Alfred Hitchcock was the creator of the classic horror movie Psycho and he is the
undisputed master of the thriller. In 1979, Hitchcook received the Life Achievement
Award of the American Film Institute. This Interview was taken in 1964, Hitchcock,
along with Bernard Herrmann, is being interviewed by Fletcher Markle.

Transcript
Markle: Quite so. Well, let us go on to further pictorial aspects of film making, you
first used color in rope, I believe, and ten of the fifteen films you’ve made since then
have been in color, though many producers seem to believe a thriller should always
be filmed in black and white, which do you prefer?

Hitchcock: I prefer color because there is plenty to dramatize in color by NOT using
color until you need it dramatically.

Markle: In the same way that music is often valuable?

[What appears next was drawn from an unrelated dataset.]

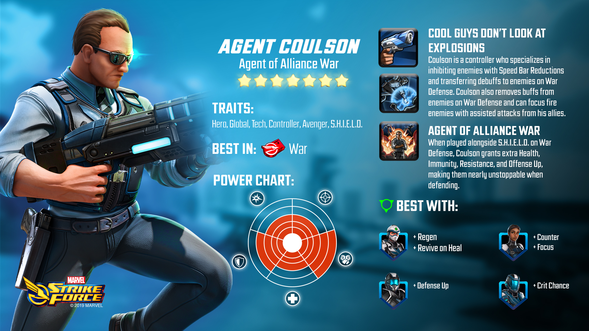 Agent Coulson, as the newest Agent of War, players can utilize Agent Coulson to assist fellow S.H.I.E.L.D. allies in Alliance War Defense and always revive's on S.H.I.E.L.D. Medic's heal.

Hitchcock: Sure. I think music is very good, especially when it is needed for silence.
(Smiles impishly)

Markle: The absence of it?

Hitchcock: Of course.

Markle: Obviously you think very highly of the work of Bernard Herrmann

Hitchcock: I certainly do.

Markle: He's been involved as the composer and conductor of the music in so many
of your recent films. How do you and Mr. Herrmann go about examining the
contribution of music in a film?

Hitchcock: I don't know. As far as I'm concerned he does as he likes.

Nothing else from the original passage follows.